The Archer and Perplexity: Diving into LLM evaluation metrics — The measure of perplexity

LLMs are everywhere — They are only going to get larger from here. The efficiency, the potential, and the possibilities are infinite. I know it, you know it, and so do all the Silicon Valley and almost every other tech startup. But with this new technology comes new terms, new ways to evaluate, and new numbers to calculate.
I am looking to explore and simplify the metrics that we can use to evaluate any LLM as we build new projects, agents, workflows….. and infinite other things.
Let’s start from the beginning.
The metrics for language modelling and much of the data science that we do are rooted in a lot of different statistical theories. As we look back, theories and formulae from the 1950s were foundational in a lot of stuff that we do that. One of such was the metric Perplexity, which is rooted in information theory and early statistical language modelling. It has not been tied (as far as I know) to a specific publication, but has been a part of language modelling since its inception in the 1990s.
With perplexity, we intend to measure the element of surprise the LLM had in predicting the word.
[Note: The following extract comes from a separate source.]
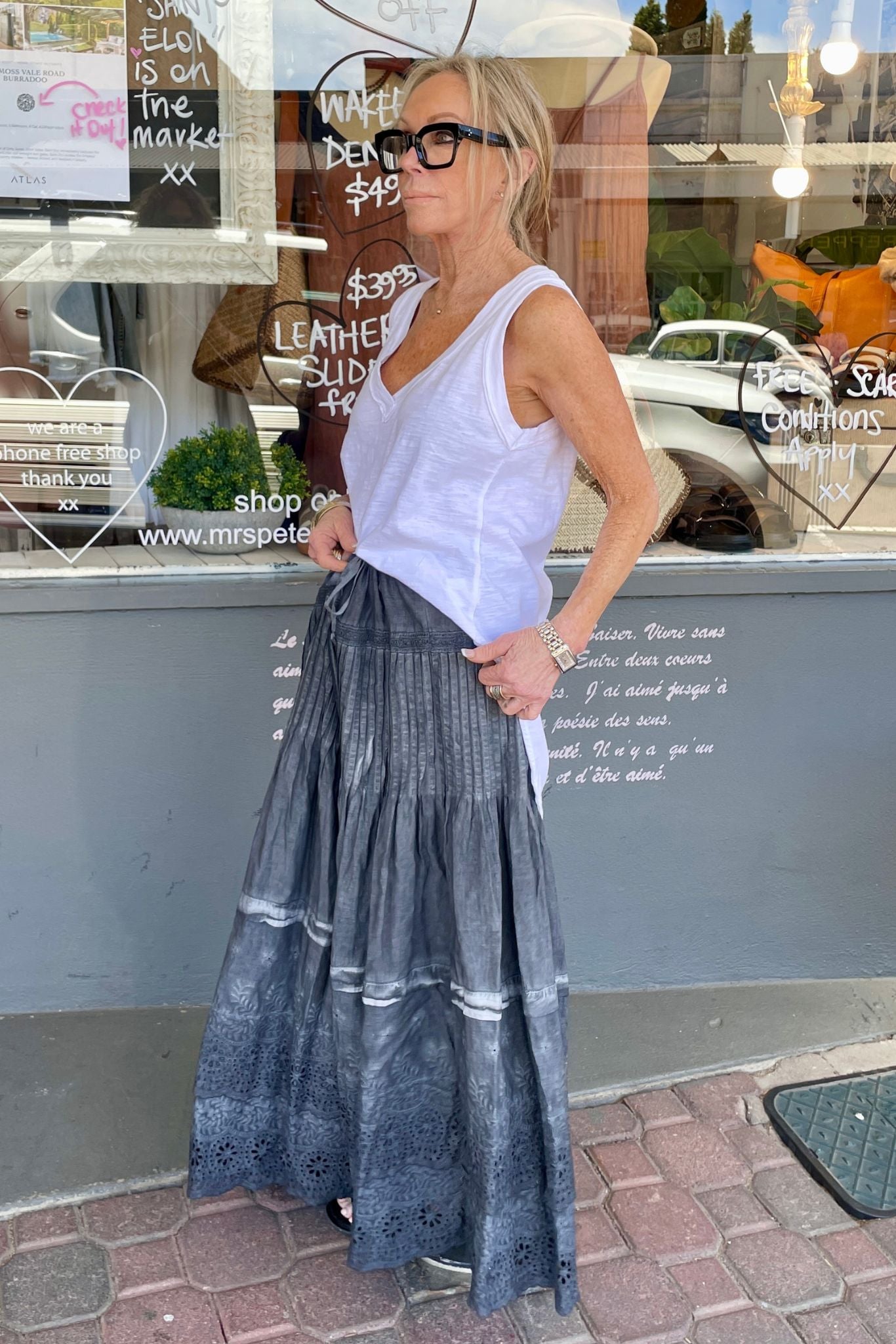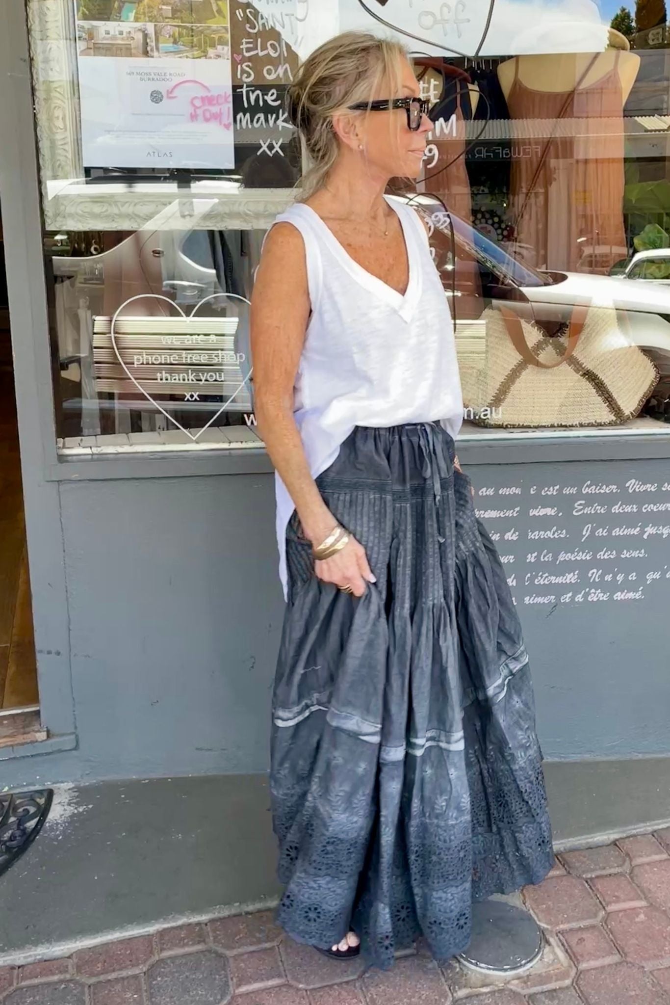 DESCRIPTION - the date with mabel skirt from miss rose sister violet is made from a broderie anglaise - cotton lace. a beautiful full skirt with a drawstring waist it will fit everyone comfortably. pintucks and detailing give this skirt a whimsical feel. perfect with a white tank or tee or dressed up with a shirt.

At first glance, perplexity seems like a measure of confidence. However, it is a measure of how confident the model is in predicting the correct word. It goes beyond simple word-by-word comparisons, which miss deeper understanding, by evaluating how well the model predicts what’s actually correct — and how confidently it does so.
It is only fitting that the performance tests of LLMs would start with this metric, and it only gets better from here.
Before we dive into the mathematics, I want to take the analogy of our archer friend. Let's call him Archy. We want to analyze Archy, based on his ability to perform well by hitting the bullseye, but also doing that in different scenarios — rain, pressure, heat, winter, and so on. So we devise a system that:
- If Archy is confident and misses the bullseye- that is bad.
- If Archy shoots confidently and hits the bullseye, great! +10 points.
- If they are unsure and weakly shoot near bullseye- that is meh.
Perplexity evaluates both:
Did you shoot toward the right spot? (Was your prediction aligned with the truth?)
And how confident were you in that shot?
So perplexity is like asking:
“How surprised were you to see the correct word?”
Less surprise = better model.
Mathematically speaking, we calculate the model’s probability of the correct word at each step, take the log (since probabilities are between 0 and 1), average them, then exponentiate the negative of that average to get the final perplexity.

The negative sign helps counteract the fact that the logs of probabilities are negative.
Now let's say the model correctly predicts all the words — then the logarithm of each word would be essentially zero, which then makes the exponent zero, and Perplexity would be 1. Which means that the model is super confident and super precise — GO ARCHY!!!!
But any other uncertainty is going to change the exponent to a value greater than 0, and thus Perplexity greater than one. So for a perplexity of say 1.39, as if the model is choosing between 1.39 equally likely options at each step. Fascinating measure of surprise (reminds me of entropy a bit.)
Pretty straightforward, right?
However, this simplicity comes with limitedness on diversity, and thus the insufficiency of Perplexity as a holistic metric.
Perplexity is a powerful metric for measuring a language model’s ability to predict the exact next token, but it falls short when language generation is more creative or ambiguous. It cannot reward a model for producing different yet valid continuations, nor can it assess whether the output makes sense semantically or factually. As such, perplexity is often inadequate for evaluating tasks like summarization, dialogue, or open-ended generation, where diversity and meaning matter more than token-level accuracy.
Well, we did measure how Archy performed, and he is taking it slow, as he learned about his latest assessment. But right now, this is the end of the article. I am hoping to dive more into other metrics to evaluate LLMs, and hopefully give a detailed approach to when to choose which one, but if you want a grounded starting point for how confident your LLM is in predicting the next word — perplexity is where your journey begins.